• _What this task involves_
Except for the pictures, write out all the records that follow exactly.

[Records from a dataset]
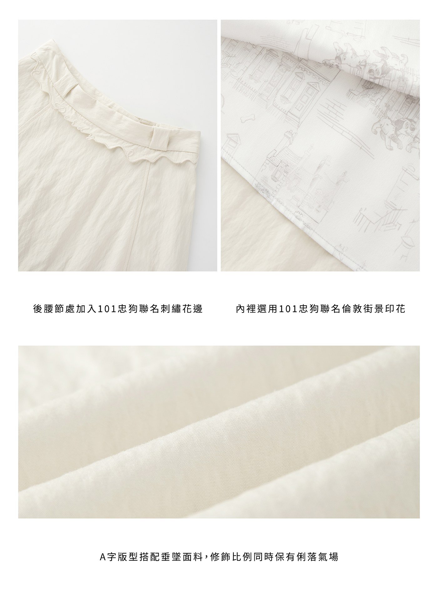 • 後腰節處巧妙加入101忠狗聯名刺繡花邊,低調點題,近看才發現的設計巧思,讓單品更耐看
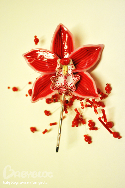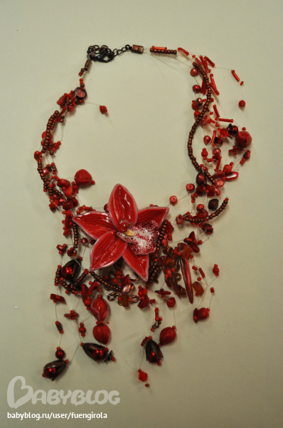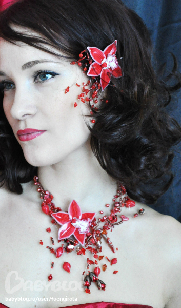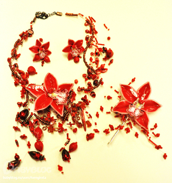 В материалах я исползую кроме ФИМО кристаллы сваровски, натуралные камни (кораллы,гранат, розовый кварц и мн.другое), речнои жемчуг, различный бисер, металлофурнитуру, чешское стекло...
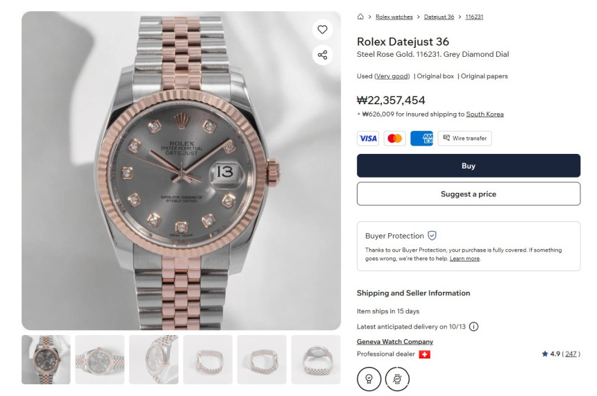 일반 옐로우골드 모델보다 훨씬 고가의 시계이며, 아름다우며 고급스러운 핑크 색상의 로즈골드 컬러와 함께 회색빛 고스트 그레이 다이아몬드 다이얼이 아름다운 조화를 이룹니다.
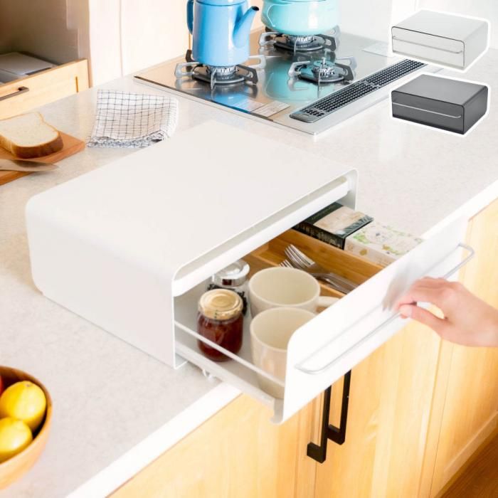 カウンター上に置きがちな小物類をまとめて収納。奥に収納した物も見えやすい、引き出し式の収納ケース。
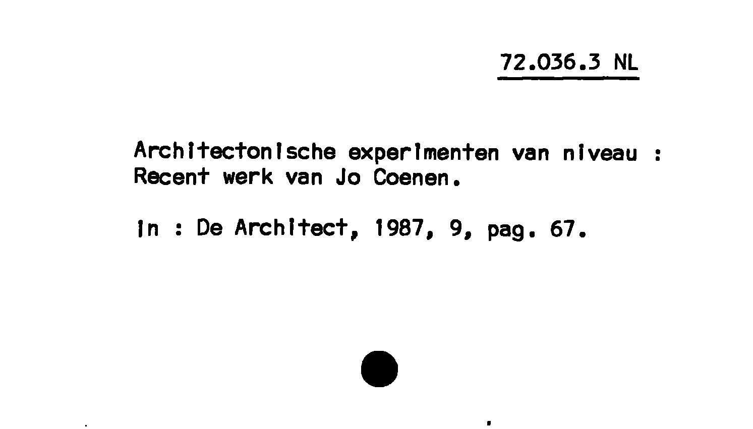 - Architectonische experimenten van niveau : Recent werk van Jo Coenen

• _Response to this task_
 • 後腰節處巧妙加入101忠狗聯名刺繡花邊,低調點題,近看才發現的設計巧思,讓單品更耐看
 В материалах я исползую кроме ФИМО кристаллы сваровски, натуралные камни (кораллы,гранат, розовый кварц и мн.другое), речнои жемчуг, различный бисер, металлофурнитуру, чешское стекло...
 일반 옐로우골드 모델보다 훨씬 고가의 시계이며, 아름다우며 고급스러운 핑크 색상의 로즈골드 컬러와 함께 회색빛 고스트 그레이 다이아몬드 다이얼이 아름다운 조화를 이룹니다.
 カウンター上に置きがちな小物類をまとめて収納。奥に収納した物も見えやすい、引き出し式の収納ケース。
 - Architectonische experimenten van niveau : Recent werk van Jo Coenen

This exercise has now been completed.